Using this exact argument for \(A^T\), we have the row space of \(A^T\) has dimension \(\le\) dimension of the column space of \(A^T\). But row space of \(A^T\) is the column space of \(A\) and the column space of \(A^T\) is the row space of \(A\). So the column space of \(A\) has dimension \(\le\) dimension of the row space of \(A\).
Put the two together, the column and row spaces have the same dimension.
We can write for each free column in \(A\) a relation that expresses that free column as a linear combination of the prior pivot columns. Each time we get an expression that expresses a column in terms of others, we get a non-zero vector in the null space of \(A\) as we saw in class.
Now note that every vector in the null space is in \({\mathbb R}^n\). As is every vector in the row space of \(A\).
If \(A\) is \(m\times n\) and has \(k\) pivot columns, it means \(A\) has \(n-k\) free columns. So counting one non-zero vector for each free column, we can build a set with \(n-k\) linearly independent vectors in the null space of \(A\). Call this set \(N\).
Are there more? The answer is no. The reason comes from noting that the null space of \(A\) and the row space of \(A\) are orthogonal spaces, meaning for each \({\bf v}\in \text{null}(A)\) and each \({\bf w} \in \text{row}(A)\), \({\bf v}^T{\bf w} =0\).
Let us pool together the basis for the row space of \(A\) and these \(n-k\) linearly independent vectors in the null space, \(N\), that we constructed above. Any basis for the row space of \(A\) has \(k\) vectors, call one such set \(R\).
Now \(R \cup N\) (the union of the sets) has \(k + (n-k) =n\) vectors. They are all linearly independent (why?). But the basis for the set of all vectors in \({\mathbb R}^n\) must have only \(n\) vectors, so \(R\cup N\) is a basis for \({\mathbb R}^n\). Therefore \(R\cup N\) is maximal, meaning \(N\) must be maximal in the null space of \(A\) as well!
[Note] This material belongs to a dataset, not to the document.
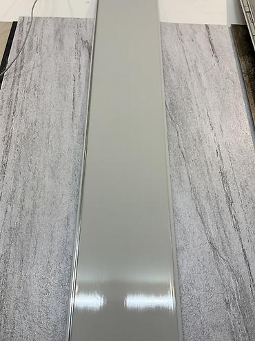 - Гладкая глянцевая однотонная планка с V‑пазом.

This means the dimension of the null space of \(A\) is exactly \(n-k\). Similarly the dimension of the null space of \(A^T\) is \(m-k\), by applying the abbove arguments to \(A^T\).
We call the row space of \(A\) and the null space of \(A\) to be orthogonal complements. They are orthogonal spaces, that together provide a complete basis for \({\mathbb R}^n\). Note however that their union is not \({\mathbb R}^n\) (only that every element in \({\mathbb R}^n\) is a sum of one vector in the row space of \(A\) and one vector in the null space of \(A\)). Similarly, the row space of \(A^T\) (ie column space of \(A\)) and the null space of \(A^T\) are also orthogonal complements by using the same arguments above for the matrix \(A^T\).
Given that \(R\cup N\) is a basis for \({\mathbb R}^n\), we notice that every vector \({\bf x} \in {\mathbb R}^n\) can be written
\[{\bf x} = {\bf r} + {\bf n},\]where \(\bf r\) is the component built from the basis vectors in \(R\), namely a vector in row(\(A\)) and a vector \(\bf n\) is the component built from basis vectors in \(N\), a vector in the null space of \(A\). So one vector in the row space and one vector in the null space.
Similarly any vector \({\bf y} \in {\mathbb R}^m\) can be written as
\[{\bf y} = {\bf c} + {\bf e},\]where \(\bf c\) is a vector in the row space of \(A^T\) (so column space of \(A\)) and \(\bf e\) is in the null space of \(A^T\). This is the picture we will develop in the next module as linear regression.